Note that to ensure this vignette can be run in a reasonable amount
of time, we set sann = FALSE
to disable the simulated
annealing procedure in hisse
. However, for any actual
analysis this option should be turned on for maximum accuracy and
confidence in your final results.
First, we’ll construct and run the BiSSE model and the BiSSE null model:
trans.rates.bisse <- TransMatMakerHiSSE()

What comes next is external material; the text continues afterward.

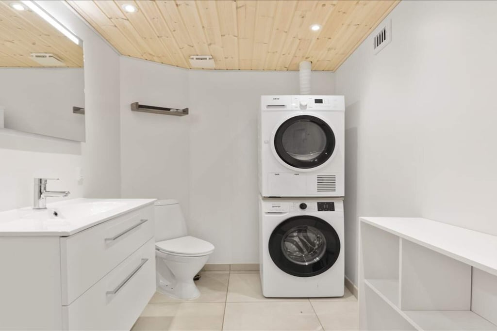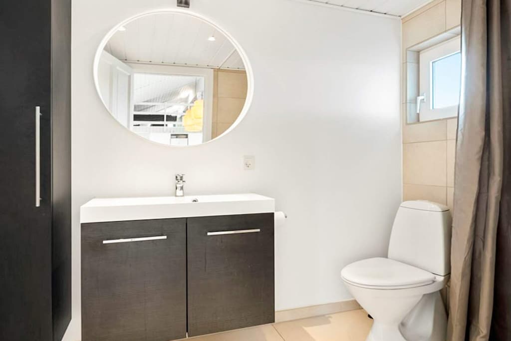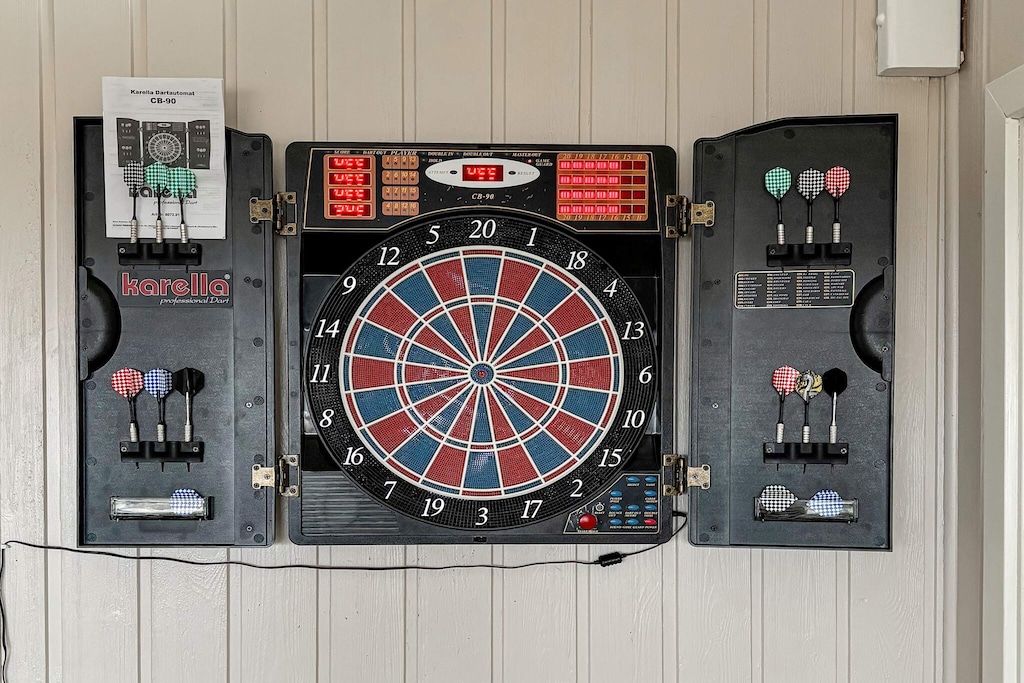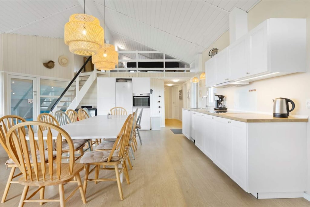 Ideal para familias o grupos, la casa cuenta con cinco dormitorios con camas de alta calidad (cuatro con dos camas individuales cada uno y uno con dos literas). Las opciones de entretenimiento incluyen billar, futbolín, hockey de aire, dardos electrónicos y una PlayStation 4 con juegos. En el exterior, varias terrazas con mobiliario de jardín y dos parrillas de carbón ofrecen el entorno perfecto para relajarse o cenar mientras disfruta de la vista del fiordo. Entre los servicios adicionales se incluyen lavadora, secadora, bomba de calor para eficiencia energética y una estación de carga para coches eléctricos. No disponible para grupos de jóvenes ni profesionales.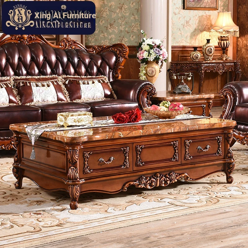 Elegant American-Style Solid Wood Coffee Table with Marble Top - 1.2m & 1.8m Options for Living Room, Perfect Match for Sofa Sets

pp.bisse.full <- hisse(tree, reef,
hidden.states = FALSE, sann = FALSE,
turnover = c(1, 2), eps = c(1, 1),
trans.rate = trans.rates.bisse)
pp.bisse.null <- hisse(tree, reef,
hidden.states = FALSE, sann = FALSE,
turnover = c(1, 1), eps = c(1, 1),
trans.rate = trans.rates.bisse)
Next, we’ll run the full hisse model, save for the constrained transition rates and epsilon.
trans.rates.hisse <- TransMatMakerHiSSE(hidden.traits = 1)
trans.rates.hisse <- ParEqual(trans.rates.hisse, c(1, 2, 1, 3, 1, 4, 1, 5))
pp.hisse.full <- hisse(tree, reef,
hidden.states = TRUE, sann = FALSE,
turnover = c(1, 2, 3, 4), eps = c(1, 1, 1, 1),
trans.rate = trans.rates.hisse)
Finally, we’ll build the 2 state character independent diversification model, sometimes called CID-2. We’ll use this as our null model by forcing the visible states (reef or non-reef) to have the same net turnover rates, while permitting the hidden states to vary freely.
pp.hisse.null2 <- hisse(tree, reef,
hidden.states = TRUE, sann = FALSE,
turnover = c(1, 1, 2, 2), eps = c(1, 1, 1, 1),
trans.rate = trans.rates.hisse)
We can combine all of our results into a single table for easy comparison.
results <- list(pp.bisse.full, pp.bisse.null, pp.hisse.null2, pp.hisse.full)
aicc <- sapply(results, `[[`, "AICc")
lnl <- sapply(results, `[[`, "loglik")
data.frame(model = c("bisse_full", "bisse_null", "hisse_cid2", "hisse_full"), aicc, lnl)
Summarizing the results on the basis of AICc suggests that the best supported model is a null model, where habitat has no effect on speciation rate.